**Recorded data**

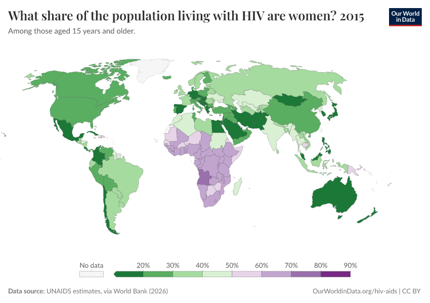“Data Page: What share of the population living with HIV are women?”. Our World in Data (2026). Data adapted from UNAIDS estimates, via World Bank. Retrieved from https://archive.ourworldindata.org/20260202-181317/grapher/share-of-women-among-the-population-living-with-hiv.html [online resource] (archived on February 2, 2026).
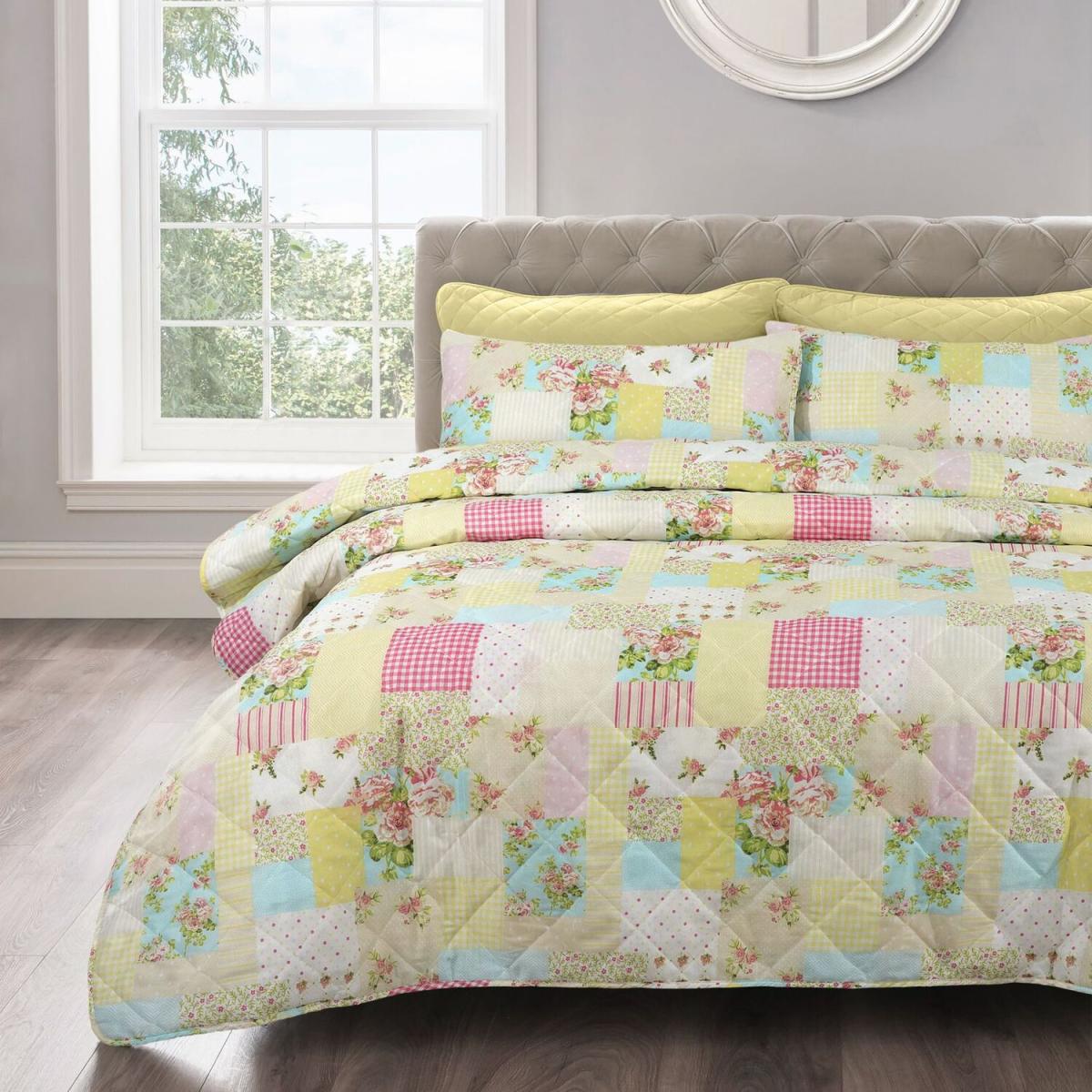 Carefully crafted with a combination of 50% polyester and 50% polycotton, this bedspread set offers a soft and durable fabric that ensures both quality and cosiness. The captivating multi-colour patchwork design adds a cheerful and eclectic touch to any bedroom decor. Designed for convenience, the Candice Patchwork Bedspread Set is incredibly easy to care for. It is machine washable, allowing for hassle-free maintenance and a consistently fresh appearance. The quilted construction not only enhances its visual appeal but also adds an extra layer of comfort, providing a cosy and inviting sleep experience. With its lightweight design, this bedspread set offers comfort without weighing you down. It is suitable for year-round use, providing just the right amount of warmth during colder nights and a breathable feel during warmer seasons. The reverse side, crafted from 100% polyester, adds an additional layer of softness and ensures a comfortable sleep surface. The Candice Patchwork Bedspread Set is not just a functional bedding accessory, but also a work of art. The patchwork design showcases a mix of colours, patterns, and textures, creating a visually striking focal point in your bedroom. Embrace creativity and comfort with the Candice Patchwork Bedspread Set, a perfect addition to your unique and vibrant home decor.
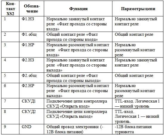 Подключение турникета к контроллеру СКУД осуществляется в соответствии с таблицей через разъем XS2 модуля IB v1.1.

**To do**
Word for word, repeat all the data, but not its images.

**Solution for this task**
“Data Page: What share of the population living with HIV are women?”. Our World in Data (2026). Data adapted from UNAIDS estimates, via World Bank. Retrieved from https://archive.ourworldindata.org/20260202-181317/grapher/share-of-women-among-the-population-living-with-hiv.html [online resource] (archived on February 2, 2026).
 Carefully crafted with a combination of 50% polyester and 50% polycotton, this bedspread set offers a soft and durable fabric that ensures both quality and cosiness. The captivating multi-colour patchwork design adds a cheerful and eclectic touch to any bedroom decor. Designed for convenience, the Candice Patchwork Bedspread Set is incredibly easy to care for. It is machine washable, allowing for hassle-free maintenance and a consistently fresh appearance. The quilted construction not only enhances its visual appeal but also adds an extra layer of comfort, providing a cosy and inviting sleep experience. With its lightweight design, this bedspread set offers comfort without weighing you down. It is suitable for year-round use, providing just the right amount of warmth during colder nights and a breathable feel during warmer seasons. The reverse side, crafted from 100% polyester, adds an additional layer of softness and ensures a comfortable sleep surface. The Candice Patchwork Bedspread Set is not just a functional bedding accessory, but also a work of art. The patchwork design showcases a mix of colours, patterns, and textures, creating a visually striking focal point in your bedroom. Embrace creativity and comfort with the Candice Patchwork Bedspread Set, a perfect addition to your unique and vibrant home decor.
 Подключение турникета к контроллеру СКУД осуществляется в соответствии с таблицей через разъем XS2 модуля IB v1.1.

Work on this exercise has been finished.